* Problem to work on *
Below this line are records; write out exactly the lines from the one containing "CLIP TOP zawias" through the one containing "145PCS Set de", with the pictures left out.

* Data to use *

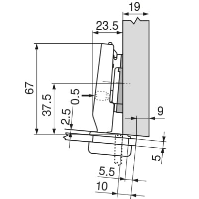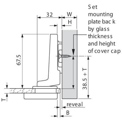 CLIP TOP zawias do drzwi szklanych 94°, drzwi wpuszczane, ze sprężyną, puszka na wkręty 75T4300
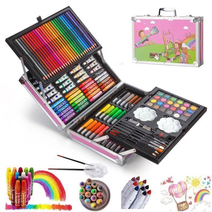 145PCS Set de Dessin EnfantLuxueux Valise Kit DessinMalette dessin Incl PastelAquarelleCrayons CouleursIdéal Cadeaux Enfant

---

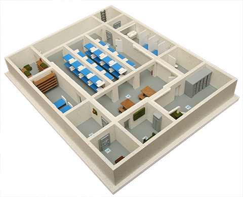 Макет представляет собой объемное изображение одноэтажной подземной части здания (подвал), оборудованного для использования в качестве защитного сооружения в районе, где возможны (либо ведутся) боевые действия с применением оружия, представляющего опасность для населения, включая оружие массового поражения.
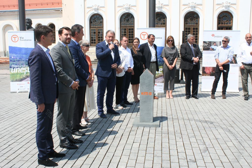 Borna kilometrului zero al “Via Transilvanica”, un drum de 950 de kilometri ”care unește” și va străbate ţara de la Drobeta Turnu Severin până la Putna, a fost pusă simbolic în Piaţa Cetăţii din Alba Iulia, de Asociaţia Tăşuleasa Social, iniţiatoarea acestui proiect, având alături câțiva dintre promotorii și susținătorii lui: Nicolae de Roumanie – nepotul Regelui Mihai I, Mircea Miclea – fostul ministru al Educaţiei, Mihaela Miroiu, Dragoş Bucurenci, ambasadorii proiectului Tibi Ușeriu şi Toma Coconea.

* Solution *
 CLIP TOP zawias do drzwi szklanych 94°, drzwi wpuszczane, ze sprężyną, puszka na wkręty 75T4300
 145PCS Set de Dessin EnfantLuxueux Valise Kit DessinMalette dessin Incl PastelAquarelleCrayons CouleursIdéal Cadeaux Enfant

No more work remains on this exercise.